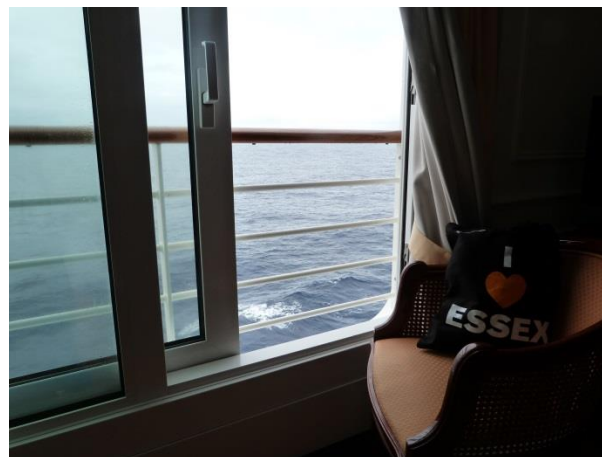
My new reading spot – a chair next to my cabin window, en route to Hawaii

I have found the various corners of the ship where I will sit and work on my research papers, and already had some amazing conversations with all the different types of faculty that are here.
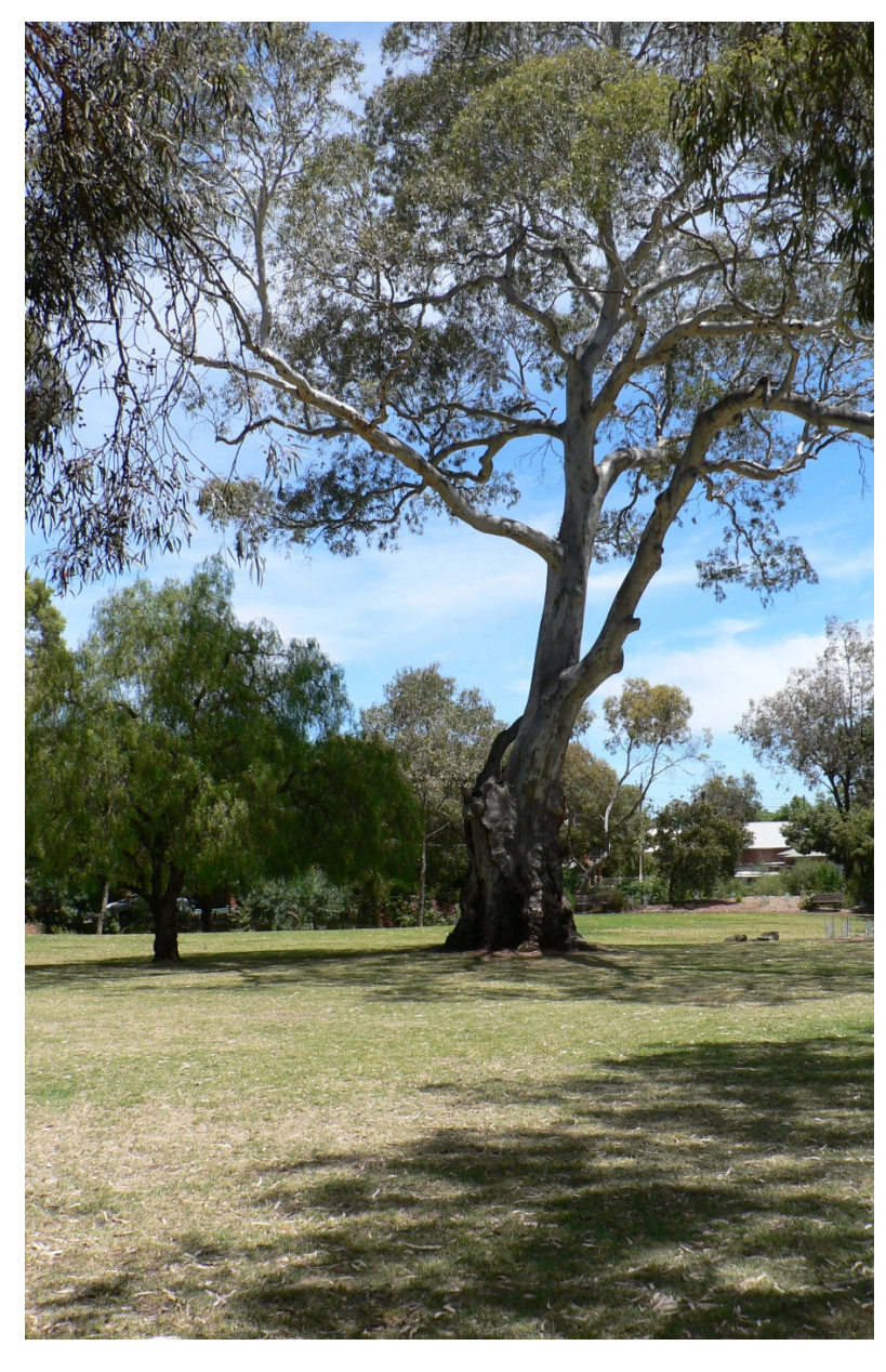
Central Redgum in 2014 and today
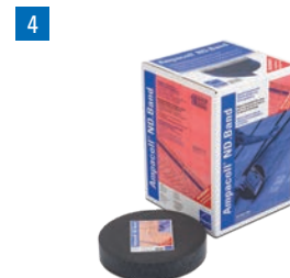
Ampacoll® ND.Band: Nail sealing tape
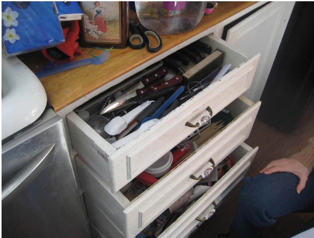
Photograph 7: Knives and other dangerous items in unlocked cabinets accessible to children.
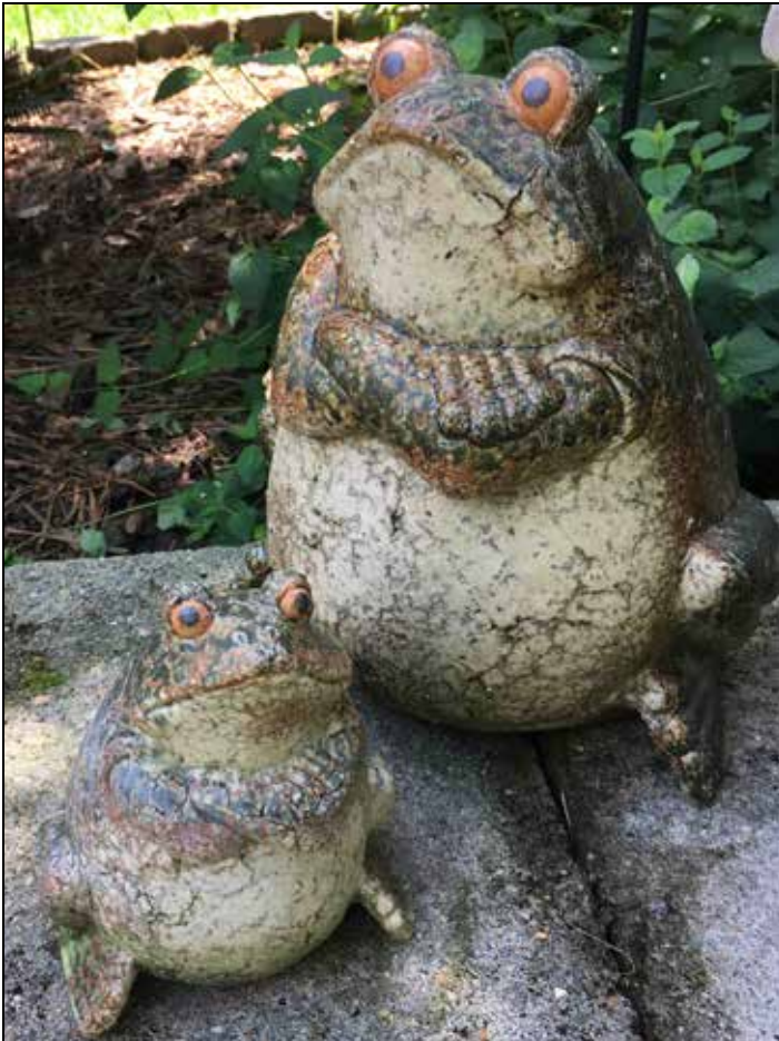
Toads surprised by visitors
──────────────────────────────
__What is needed__. Copy every record above exactly, leaving out the pictures.

__Reply__.
My new reading spot – a chair next to my cabin window, en route to Hawaii

I have found the various corners of the ship where I will sit and work on my research papers, and already had some amazing conversations with all the different types of faculty that are here.
Central Redgum in 2014 and today
Ampacoll® ND.Band: Nail sealing tape
Photograph 7: Knives and other dangerous items in unlocked cabinets accessible to children.
Toads surprised by visitors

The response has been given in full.